The results were very clear. The listeners preferred the new violins over the old, and also found that the new violins projected better. Results for projection with and without the orchestral accompaniment were strongly correlated. Furthermore, preferences expressed by the audience were in good agreement with those from the players. Finally, the audience members could not distinguish new from old instruments at better than chance levels.

So there seems to be no secret of Stradivari. The best of the classic Italian instruments are still very good, of course, but the best of contemporary instruments can hold their own when given a level playing field on which to compete, and even sometimes out-perform the old instruments. Here is what the authors wrote after the third experiment: “A belief in the near-miraculous qualities of Old Italian violins has preoccupied the violin world for centuries. It may be that recent generations of violin-makers have closed the gap between old and new, or it may be that the gap was never so wide as commonly believed. Either way, the debate about old versus new can perhaps be laid aside now in favor of potentially more fruitful questions. What, for example, are the physical parameters determining the playing qualities of any violin, regardless of its age or country of origin?” [5].

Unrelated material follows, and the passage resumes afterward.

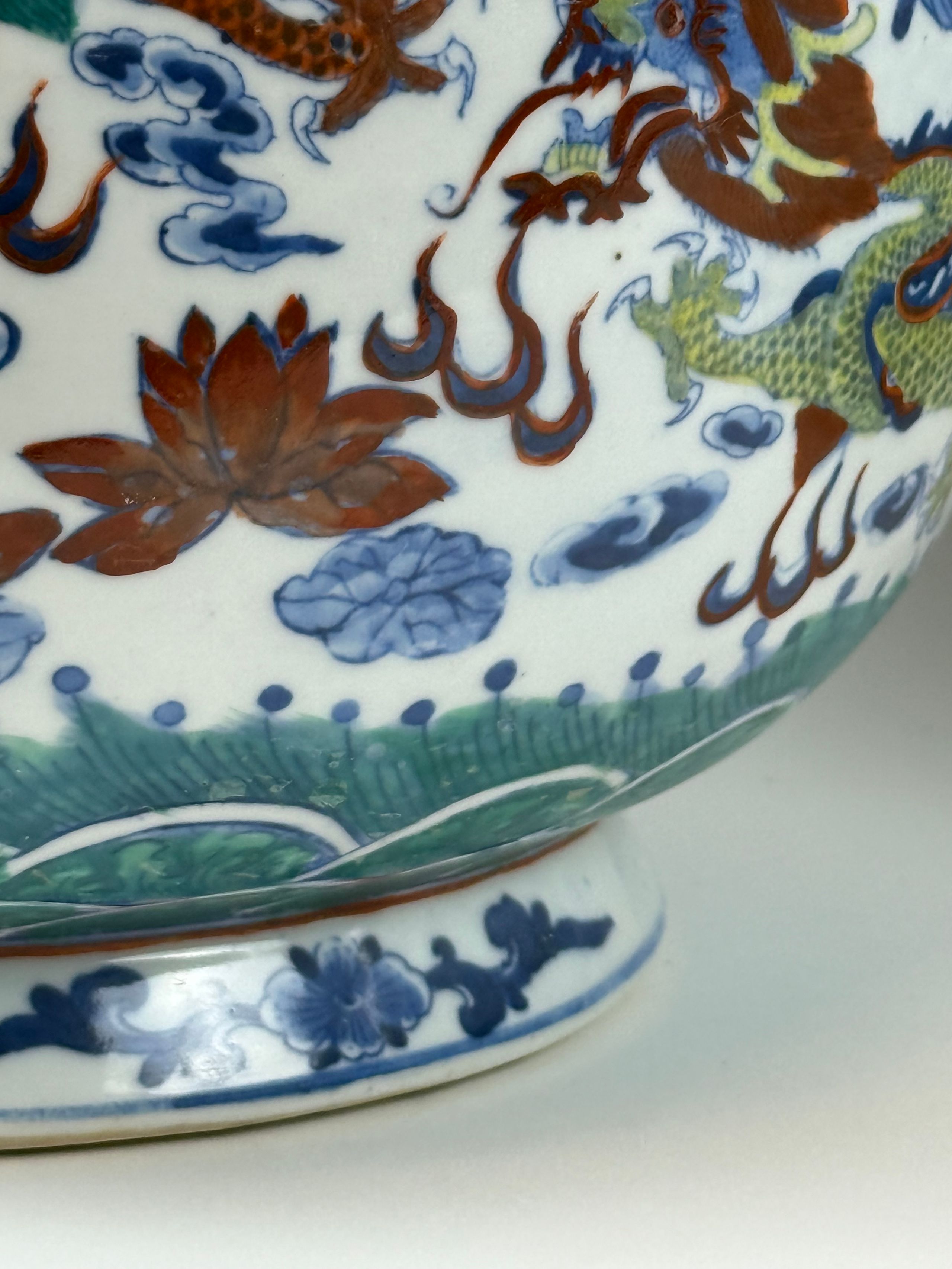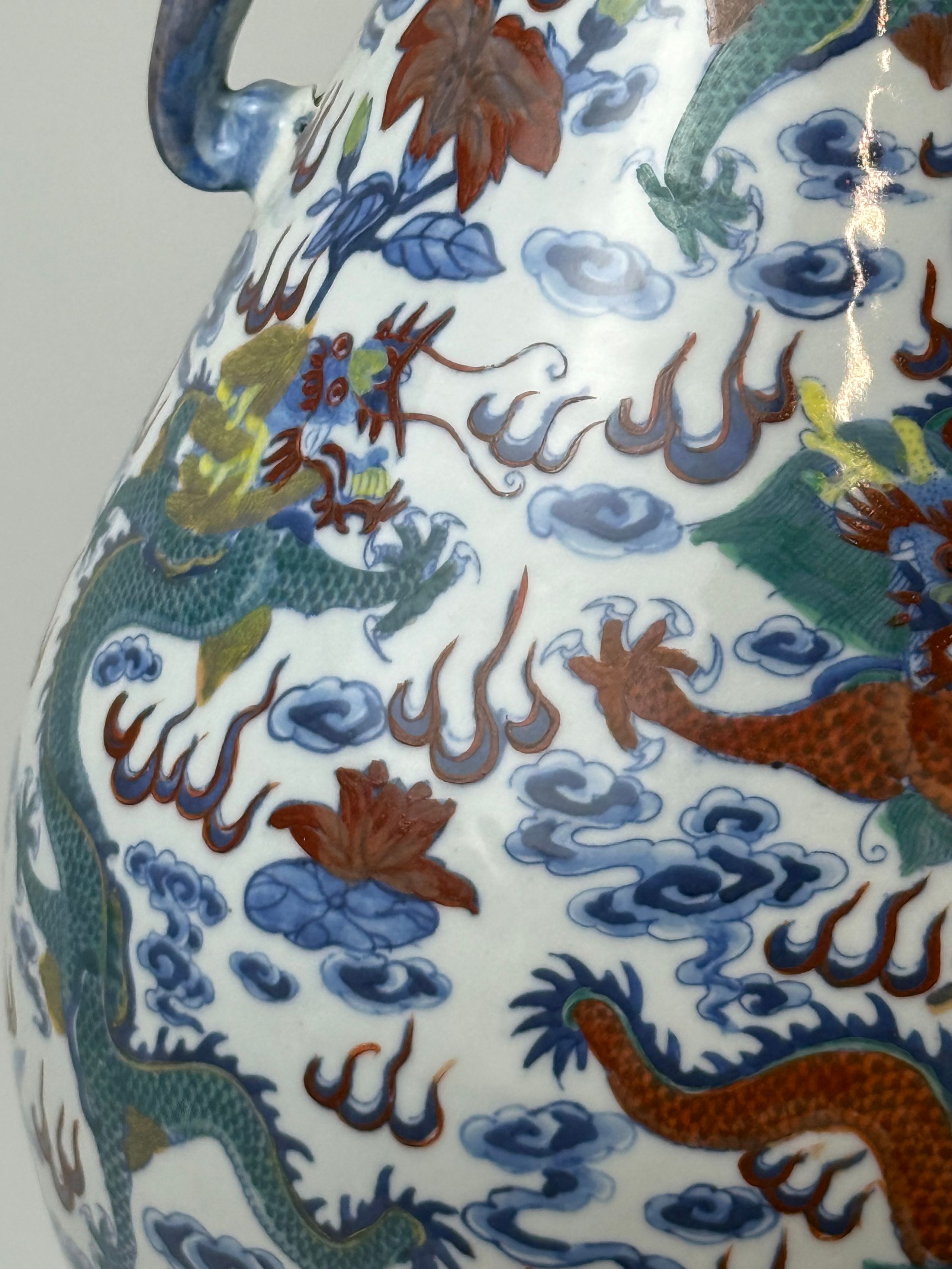 Paire de grands vases à panse basse en porcelaine décorée partiellement au pochoir en bleu sous couverte et émaux polychromes dits "wucai" (cinq couleurs) de neuf dragons pourchassant la perle sacrée parmi les nuages au-dessus de flots écumants. Deux anses en forme de têtes d'éléphants. Au revers, la marque apocryphe de Chenghua à quatre caractères en kaishu. (Petits accidents au talon de l'un). H. 49,5 cm

[1] S. Carcagno, R. Bucknall, J. Woodhouse, C. Fritz, and C. J. Plack . “Effect of back wood choice on the perceived quality of steel-string acoustic guitars.” Journal of the Acoustical Society of America 144, 3533-3547, (2018).  DOI 10.1121/1.5084735. The article may be found here: https://doi.org/10.1121/1.5084735

[2] J. Woodhouse, E. K. Y. Manuel, L. A. Smith, A. J. C. Wheble and C. Fritz. “Perceptual thresholds for acoustical guitar models”. Acta Acustica united with Acustica 98, 475-486, (2012).  DOI 10.3813/AAA.918531.

[3] C. Fritz, J. Curtin, J. Poitevineau, P. Morrel-Samuels and F.-C. Tao. “Players preferences among new and old violins”; Proceedings of the National Academy of Sciences of the USA 109, 760-763 (2012).

[4] C. Fritz, J. Curtin, J. Poitevineau, H. Borsarello, I. Wollman, F.-C. Tao and T. Ghasarossian. “Soloist evaluations of six Old Italian and six new violins”; Proceedings of the National Academy of Sciences of the USA 111, 7224-7229 (2014).

[5] C. Fritz, J. Curtin, J. Poitevineau and F.-C. Tao. “Listener evaluations of new and Old Italian violins”; Proceedings of the National Academy of Sciences of the USA 114(21):2016194439 (2017). DOI 10.1073/pnas.1619443114.